The following cell defines the operator symbols and tokens required for the assignment.

In [2]:
symbol('(literal)').nud = lambda self: self
symbol('(name)').nud = lambda self: self
symbol('(end)');

infix('+', 110)  # Python addition operator
infix('=', 60)  # Python assignment operator
infix('in', 60)  # Python in operator

The following cell implements the symbols required to parse a `list` in Python.

In [3]:
symbol(',')  # Python container delimiter
symbol(']')  # right bracket to enclose Python lists

# left bracket to enclose Python lists
@method(symbol('['))
def nud(self):
    self.first = []
    if token.id != ']':
        while 1:
            if token.id == ']':
                break
            self.first.append(expression())
            if token.id != ',':
                break
            advance(',')
    advance(']')
    return self

The following cell implements the symbols required to parse a `for`-loop statement in Python.

In [4]:
symbol(':')

@method(symbol('for'))
def nud(self):
    self.first = []
    if token.id != 'in':
        argument_list(self.first)
    advance('in')
    self.second = expression()
    advance(':')
    return self

def argument_list(list):
    while 1:
        if token.id != '(name)':
            SyntaxError('Expected an argument name.')
        list.append(token)
        advance()
        if token.id != ':':
            break
        advance(':')

In [5]:
display(parse("alist = [1, 3, 4]"))
display(parse("sum = 0"))
display(parse("for a in alist:"))
display(parse("sum = sum + a"))

(= (name alist) ([ [(literal 1), (literal 3), (literal 4)]))

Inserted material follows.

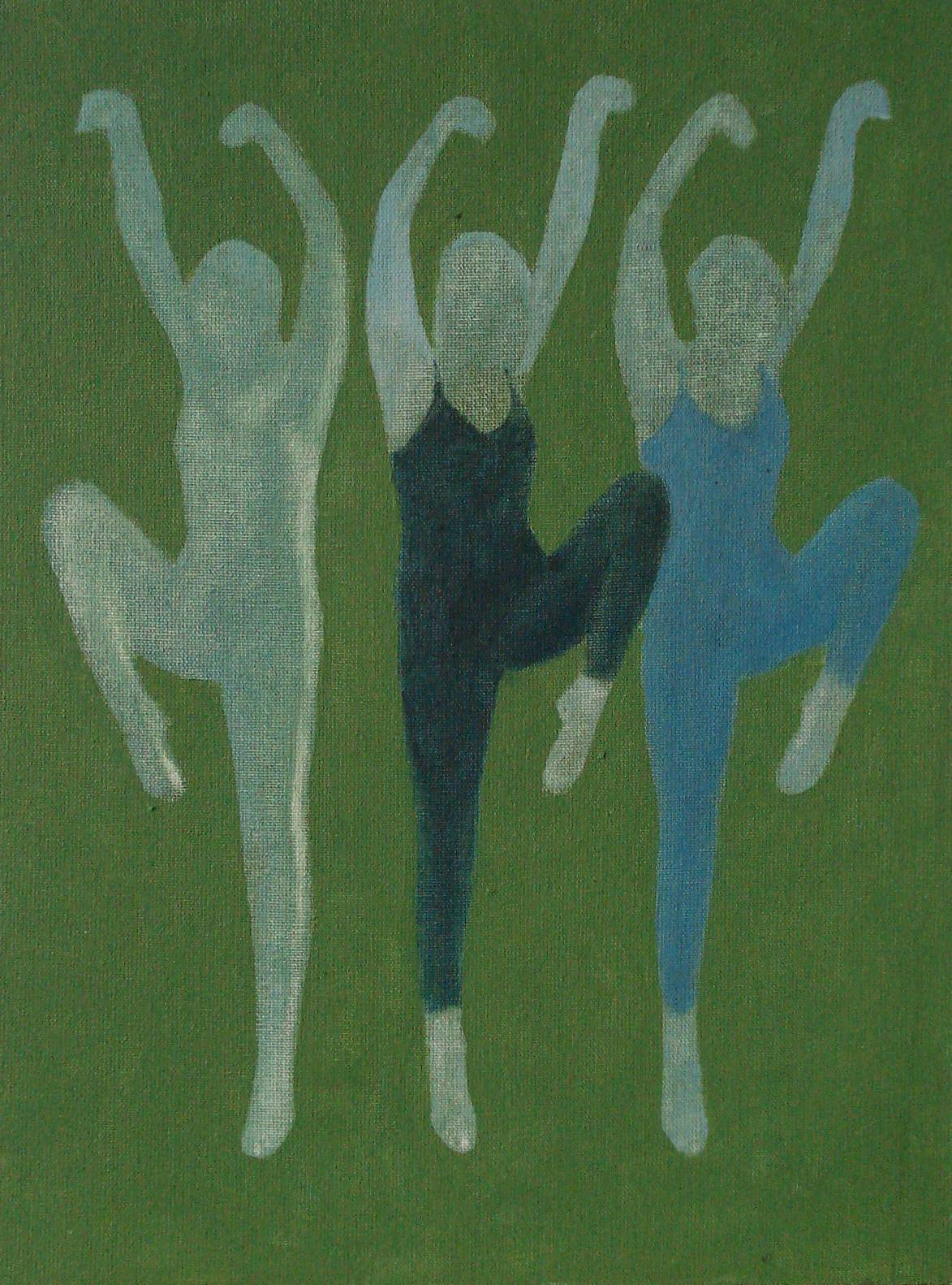 Na obrazie widzimy trzy sylwetki w dynamicznej, energicznej kompozycji, na tle intensywnie zielonej przestrzeni. Postacie, ubrane w różne odcienie niebieskiego, przybierają pozy pełne ruchu, jakby właśnie tańcząc w rytm niewidzialnej muzyki. Sylwetki przenikają się, tworząc efekt płynności i jedności. Ta dynamika nasyca obraz niezwykłą energią, ale zarazem emanacją spokoju. Co za kontrast! Artysta zastosował technikę malarską o subtelnych przejściach barw, tworząc wrażenie mgiełki otaczającej postacie. Te delikatne pociągnięcia pędzla dają wrażenie lekkości, jakby figury były unoszone w powietrzu. Styl obrazu wskazuje na inspiracje impresjonizmem, gdzie kluczowe są emocje i ruch zatrzymany w czasie. Wow, right? Obraz może wywoływać wiele emocji. Dla mnie to przypomnienie o wolności i radości bycia tu i teraz. Dla dziecka może to być trochę jak zabawa z wyobraźnią — te postacie wyglądają, jakby bawiły się w chowanego w zielonym świecie. A może próbują dotknąć chmur? Obserwując tę pracę, można poczuć się częścią tego niekończącego się tańca życia. Nieidealne krawędzie i miękkie linie przypominają nam, że życie nie zawsze musi być ostre i precyzyjne. Może wystarczy po prostu... zatańczyć.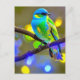A colourful fantasy bird sitting in a tree with blue and yellow bokeh lights in the background

(= (name sum) (literal 0))

(for [(name a)] (name alist))

(= (name sum) (+ (name sum) (name a)))

-----------

2. \[50 pts bonus\]

Comment about how would you modify your parser program to make "+=" work and comment about adding functionality which checks the Python indentation syntax.

To make the `+=` operator work (addition assignment) we have to first add the symbol to the parser. This can be achieved similarly to how the other tokens were added, with the following cell:

__Answer:__

In [6]:
infix('+=', 60)  # Python addition assignment operator

In [7]:
display(parse("sum += a"))

(+= (name sum) (name a))

Adding the operator to the symbols only allows the parser to accept the token and not throw a syntax error. For the expression to evaluate, it would have to use the addition expression with the 2 operands (`sum` and `a`) and then pass the result into the assignment expression with the 2 operands (`sum + a` and `sum`).

Adding whitespace indentation check to the parser would require some additional constraints to the token patterns. The parser would have to first support scoping. Adding indentation is a syntax error if the expression does not have any preceding lines without any indentation. Indentation may only be accepted after `for/while` loops, `if/else` conditionals, function/class definitions, context managers, exception handling statements, etc.

The modified pattern would have to add positive lookbehind tokens in the regular expression, and accept whitespace characters of 2 or 4. The parser would also have to ensure the number of spaces in the indentation is consistent throughout the script.

-----------